**TASK ITEM**
Go to the line with "Нажать на кнопку" in the material below and copy from there through the line with "Craftsman Golf Lucky", exactly. Pictures are not copied.

####

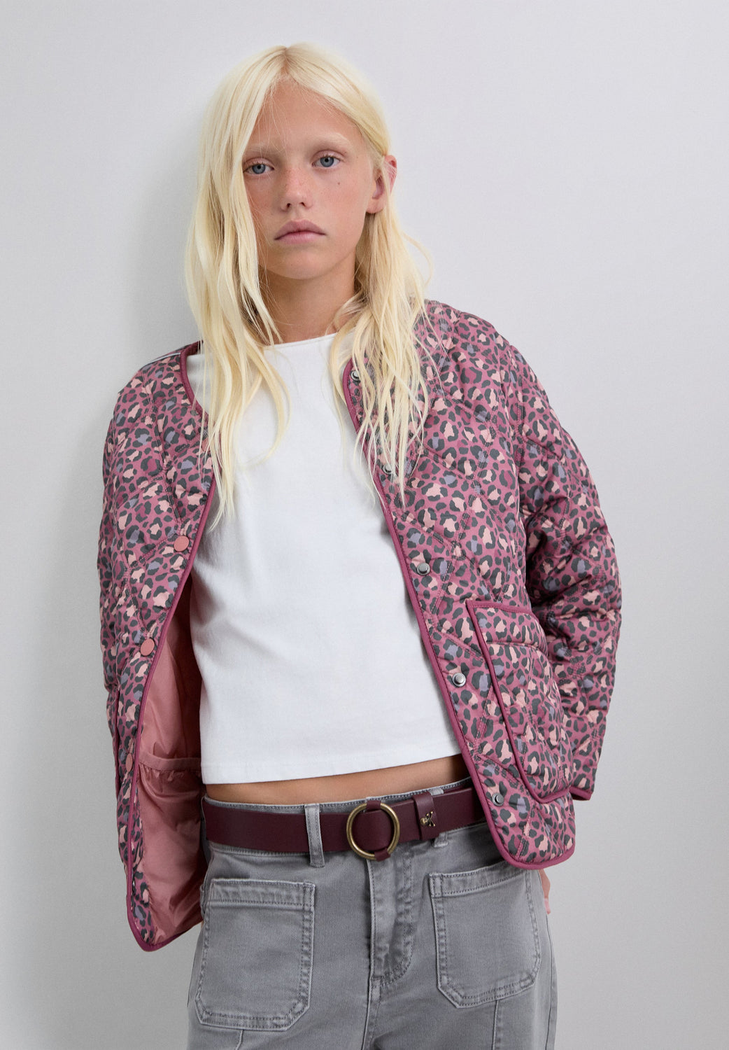 Puffer jacket made of a synthetic blend. Animal print. Button fastening. Slightly V-neck. Long sleeves. Two front pockets.
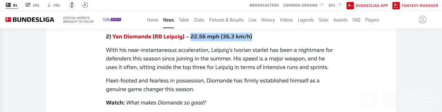 第二个则是推进,虽然迪奥曼德的极限冲刺最高的瞬时速度虽然在德甲官方统计出来的是36.3km/h:
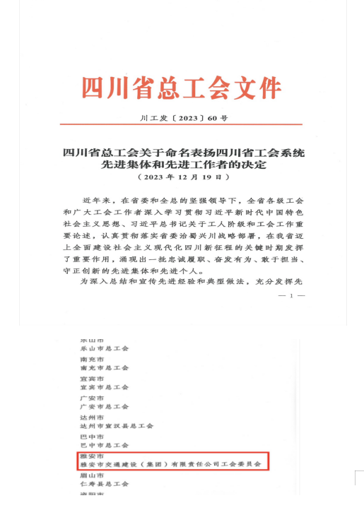 12月19日,四川省總工會將雅安市交通建設(shè)(集團(tuán))有限責(zé)任公司工會委員會命名表揚(yáng)為“四川省工會系統(tǒng)先進(jìn)集體”。
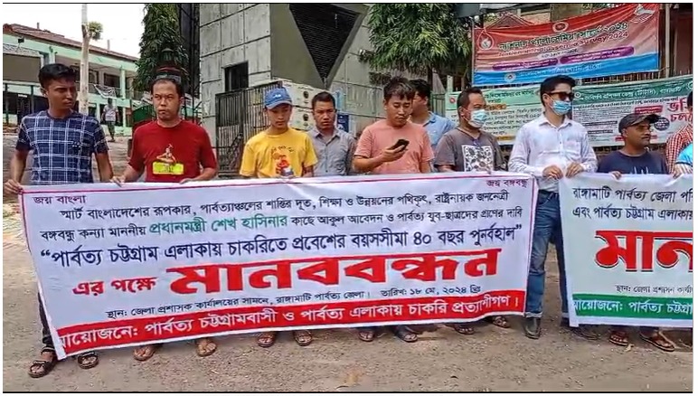 পার্বত্য চট্টগ্রামে চাকরিতে প্রবেশের বয়সসীমা ৪০ পূর্ণবহালের দাবিতে রাঙামাটিতে মানববন্ধন
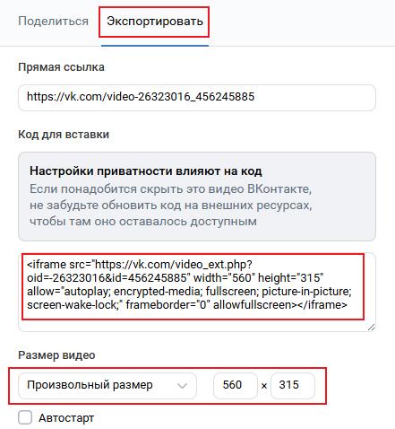 Нажать на кнопку «Поделиться» и в открывшемся окне выбрать пункт «Экспортировать». В выпадающем списке «Размер видео» выбрать пункт «Произвольный размер» и установить требуемые ширину и высоту видео. Рекомендуемые параметры 560x315. Скопировать появившийся код в буфер обмена.
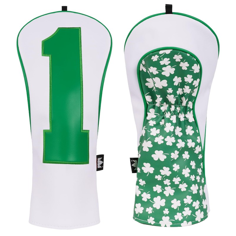 Craftsman Golf Lucky Clover Patterns with Large Green No. White Driver Headcover Head Covers Fits up to 460cc
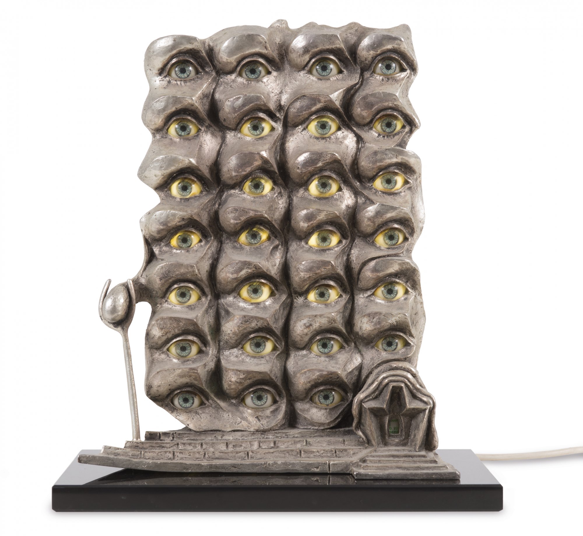 Bronze mit silberner Patina und integrierten Kunststoffaugen. H. 34,0 x 22,0 x 5,5 cm. Auf der Rückseite sign.: Dalí (Stempel), nummeriert und mit dem Gießerstempel VENTURI ARTE, links unten am Sockel mit dem Editionsstempel TE und der gestempelten Datierung und Bezeichnung DALART N. V. Ex. 213 von 999 Exx. Mit originaler Verkabelung, funktionsfähig u. mit Originalzertifikat (Nr. 213/999).
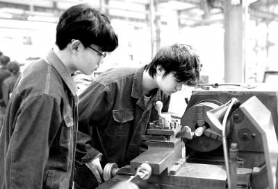 陜西工業(yè)職業(yè)技術(shù)學(xué)院學(xué)生在企業(yè)進(jìn)行實訓(xùn)。王正攝/光明圖片

####

**RESULT OF THE EXERCISE**
 Нажать на кнопку «Поделиться» и в открывшемся окне выбрать пункт «Экспортировать». В выпадающем списке «Размер видео» выбрать пункт «Произвольный размер» и установить требуемые ширину и высоту видео. Рекомендуемые параметры 560x315. Скопировать появившийся код в буфер обмена.
 Craftsman Golf Lucky Clover Patterns with Large Green No. White Driver Headcover Head Covers Fits up to 460cc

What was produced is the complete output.